### Given data
● ● ● ● ●
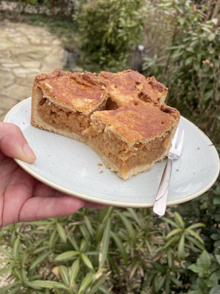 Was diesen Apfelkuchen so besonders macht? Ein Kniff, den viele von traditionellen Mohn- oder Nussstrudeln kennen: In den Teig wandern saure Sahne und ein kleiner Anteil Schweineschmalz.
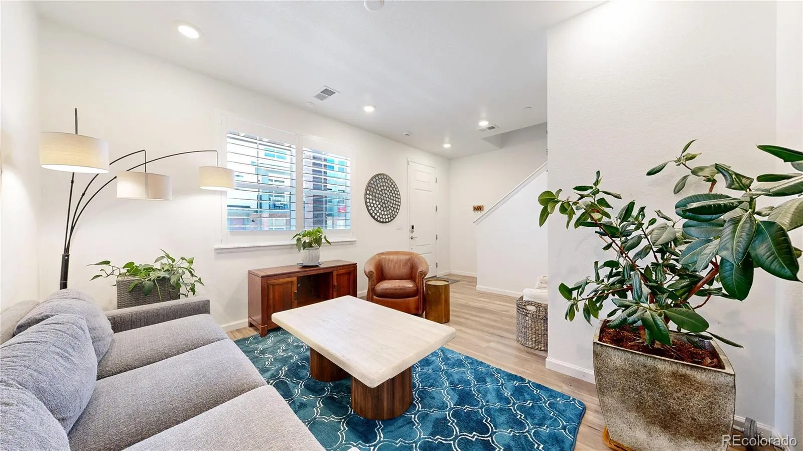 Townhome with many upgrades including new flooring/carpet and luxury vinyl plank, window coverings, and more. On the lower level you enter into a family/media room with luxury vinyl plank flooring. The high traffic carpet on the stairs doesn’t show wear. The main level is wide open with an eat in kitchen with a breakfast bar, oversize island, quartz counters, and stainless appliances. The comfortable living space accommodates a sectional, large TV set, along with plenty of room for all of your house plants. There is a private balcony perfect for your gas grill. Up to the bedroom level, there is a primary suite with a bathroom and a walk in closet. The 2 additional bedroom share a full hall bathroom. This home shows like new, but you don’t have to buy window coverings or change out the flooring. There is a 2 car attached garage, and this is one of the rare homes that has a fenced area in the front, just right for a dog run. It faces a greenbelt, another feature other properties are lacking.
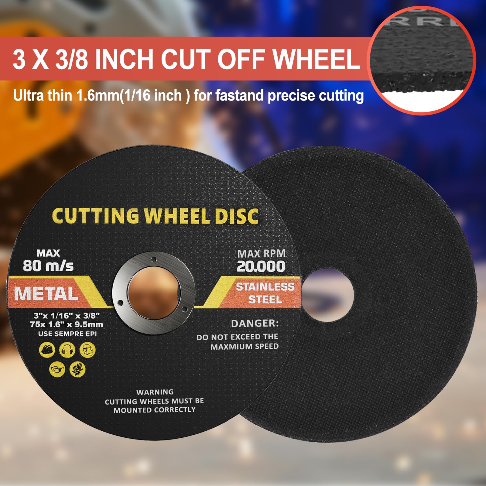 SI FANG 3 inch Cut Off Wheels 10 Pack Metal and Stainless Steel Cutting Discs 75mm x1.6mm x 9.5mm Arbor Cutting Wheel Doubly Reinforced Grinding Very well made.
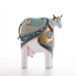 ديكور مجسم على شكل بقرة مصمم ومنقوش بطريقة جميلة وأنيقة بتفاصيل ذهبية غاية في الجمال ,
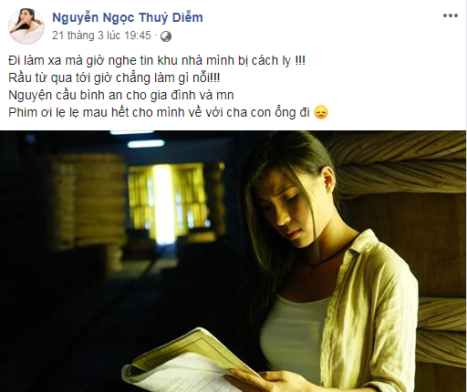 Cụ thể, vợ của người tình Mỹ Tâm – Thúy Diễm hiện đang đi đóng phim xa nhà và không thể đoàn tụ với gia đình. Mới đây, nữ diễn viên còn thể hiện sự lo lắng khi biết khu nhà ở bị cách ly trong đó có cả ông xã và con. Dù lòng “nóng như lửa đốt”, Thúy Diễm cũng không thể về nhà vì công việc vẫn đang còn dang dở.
● ● ● ● ●
### What needs to be done
From the line with "ديكور مجسم على" through the final line of the records above, return each line exactly and nothing else. Pictures are to be skipped.

### Answer for the task
 ديكور مجسم على شكل بقرة مصمم ومنقوش بطريقة جميلة وأنيقة بتفاصيل ذهبية غاية في الجمال ,
 Cụ thể, vợ của người tình Mỹ Tâm – Thúy Diễm hiện đang đi đóng phim xa nhà và không thể đoàn tụ với gia đình. Mới đây, nữ diễn viên còn thể hiện sự lo lắng khi biết khu nhà ở bị cách ly trong đó có cả ông xã và con. Dù lòng “nóng như lửa đốt”, Thúy Diễm cũng không thể về nhà vì công việc vẫn đang còn dang dở.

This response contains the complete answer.